‘Nigeria Keen on Downstream Deregulation, Liberalisation’

‘Nigeria Keen on Downstream Deregulation, Liberalisation’

The Department of Petroleum Resources (DPR) has indicated that Nigeria has not given up on its intention to fully liberalise its downstream oil sector, as well as introduce price deregulation.

But the agency did not give a timeline for that to happen.
It said this amongst others were part of the country’s target in her oil and gas industry. It also gave reasons why several attempts to eliminate the uneconomical practice of flaring natural gas from oil fields in the country were not successful.

According to a presentation made recently by the Director of DPR, Mr. Mordecai Ladan, at a Technical Symposium organised in Lagos by the Society for Petroleum Engineers (SPE), Nigeria in the upstream oil sector, aspires to raise its oil reserves to 40 billion barrels; grow gas reserves to 200 trillion cubic feet (TCF) by 2020; and raise daily oil production capacity to four million barrel (mb).

In the midstream, Ladan, noted that the country would pursue a gas monetisation drive and eliminate routine flaring of gas by 2020. It would also ensure domestic gas supply sufficiency for power generation, commercial users, and other gas based industries, as well as push to achieve 50 per cent of domestic crude oil refining capacity.

In the downstream, he explained that, “full price deregulation and liberalisation; integrated petroleum products/gas distribution networks; petroleum products supply sufficiency,” would be pursued by the country.

Currently, data from the Nigerian National Petroleum Corporation (NNPC) shows the country heavily relies on imported petroleum products especially petrol to run her domestic economy.
The country also subsidises domestic petrol consumption which the World Bank had said cost her national treasury N731 billion in 2018 to maintain.

This has also led to calls on her by key local and international agencies such as the International Monetary Fund (IMF) to end the practice of petrol subsidy and allow for downstream market deregulation.

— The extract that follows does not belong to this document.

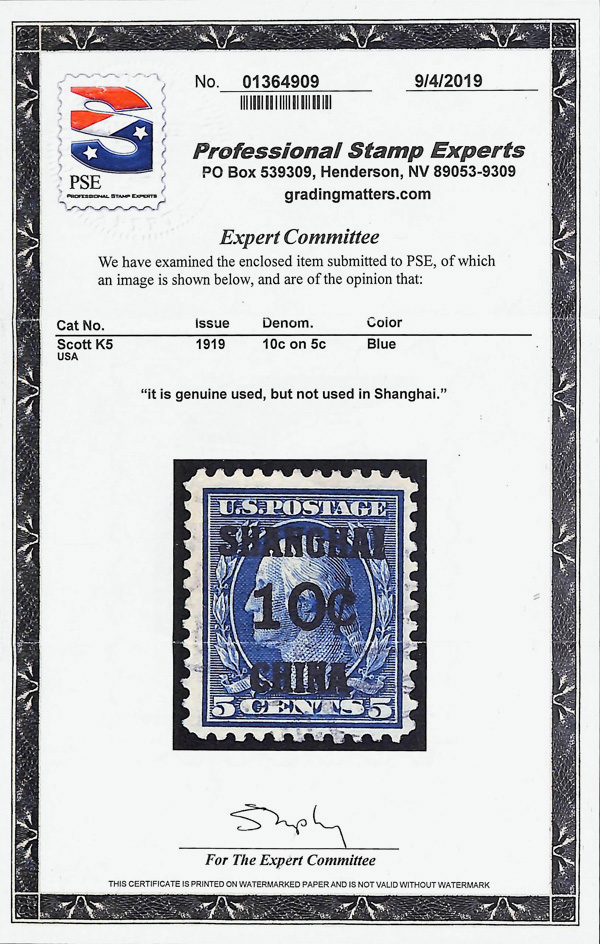8358 O K5 imageOffices in China, 1919, 10¢ on 5¢ blue (Scott K5), Deep ink intensity, used, but not used in Shanghai, Very Fine, with 2019 P.S.E. certificate.
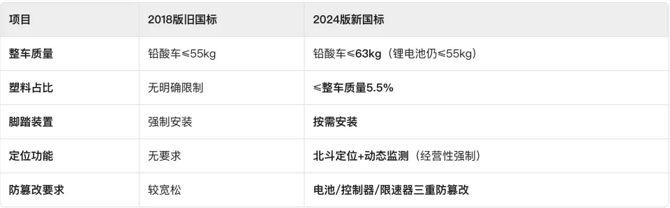 9 月 1 日,电动自行车新国标正式实施。根据新国标规定:今日起生产的电动自行车,锂电池电动自行车限重 55 公斤,铅酸蓄电池车型限重从 55 公斤提高到 63 公斤。完善控制器的防篡改要求,车速超过每小时 25 公里,电机将不再提供动力。要求塑料材质占整车重量比例不得超过 5.5%,减少火灾风险;鼓励安装后视镜,减少「回头率」。

Also, Ladan gave reasons why the country’s attempts to eradicate flaring of natural gas at her oil fields failed in the past.
He said chief amongst the reasons were that gas was regarded as an unwanted by-product of oil and this was further amplified by the euphoria on the discovery of oil.

According to him, there was also, “unwillingness of operators to re-inject gas or utilise – no interest in conservation; poorly developed gas market and network of Infrastructure. Lack of cost-effective means of transporting gas to market.
“Quick returns on investment from oil production. Government avoiding disruption from oil revenues,” he said were also parts of the reasons for the past failures.

Despite the setbacks, Ladan however said that Nigeria has outperformed many countries in optimising associated gas for own consumption and export, but that the most viable option was the development of a flare gas-to-market solutions driven by a robust regulatory framework as contained in the Nigeria Gas Flare Commercialisation Programme (NGFCP).

He said while there are 178 onshore and offshore gas flare sites spread across the Niger Delta, the NGFCP would upon its implementation ensure zero routine gas flaring in Nigeria by 2020; result to positive impact to communities in the Niger Delta; and monetise wasted gas resources.